Digital Watermarking for Model Security

Below are simplified examples of how you might apply digital watermarking in any ML models (open source or proprietary) using PyTorch (though the general concepts apply to TensorFlow or any other framework). Each example is kept intentionally small to illustrate the idea without overwhelming detail.

1. Parameter (Weight) Watermarking

Overview

We add a small regularization term that “nudges” certain weights in a neural network to match a hidden pattern.
After training, you can detect the watermark by checking if the final weights match this pattern.

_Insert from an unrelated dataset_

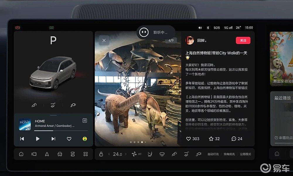 连体式大屏的设计,也可以证明理想L6的确比较懂家庭用户。有了副驾娱乐屏,坐在副驾的“女王”可以很方便地刷剧,驻车时副驾娱乐屏也可以让儿童看动画片甚至完成作业,可以说是为家庭用户量身定制。
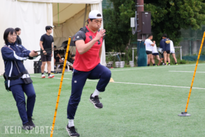 石野:ハイボールは強くなった。伊吹央(令8経卒)さんが毎日やってたから、一緒にやろうと思って。航希(森航希=環4・桐蔭学園)にハイパントを蹴ってもらって、練習してました。

Toy Example: PyTorch MLP for MNIST

Below is a very simplified example of a feed-forward network for MNIST digit classification. We will:

Define a binary signature (e.g., [+1, -1, +1, -1]).
Force the last layer’s weights (just a few of them) to approximate this signature.

Step A: Define the Model

import torch
import torch.nn as nn
import torch.optim as optim
from torchvision import datasets, transforms

# Simple MLP
class SimpleMLP(nn.Module):
    def __init__(self, input_dim=784, hidden_dim=128, output_dim=10):
        super(SimpleMLP, self).__init__()
        self.fc1 = nn.Linear(input_dim, hidden_dim)
        self.fc2 = nn.Linear(hidden_dim, output_dim)
    
    def forward(self, x):
        x = x.view(x.size(0), -1)  # Flatten
        x = torch.relu(self.fc1(x))
        x = self.fc2(x)
        return x

# Prepare MNIST data (train_loader) in typical fashion
transform = transforms.Compose([transforms.ToTensor(), 
                                transforms.Normalize((0.1307,), (0.3081,))])
train_dataset = datasets.MNIST(root='./data', train=True, download=True, transform=transform)
train_loader = torch.utils.data.DataLoader(train_dataset, batch_size=64, shuffle=True)

Step B: Define the Watermark Regularization

We’ll choose four weights in the last layer to match [+1, -1, +1, -1]. The “penalty” is small, so it doesn’t harm performance too much.

# The binary signature we want to embed
watermark_signature = torch.tensor([1.0, -1.0, 1.0, -1.0])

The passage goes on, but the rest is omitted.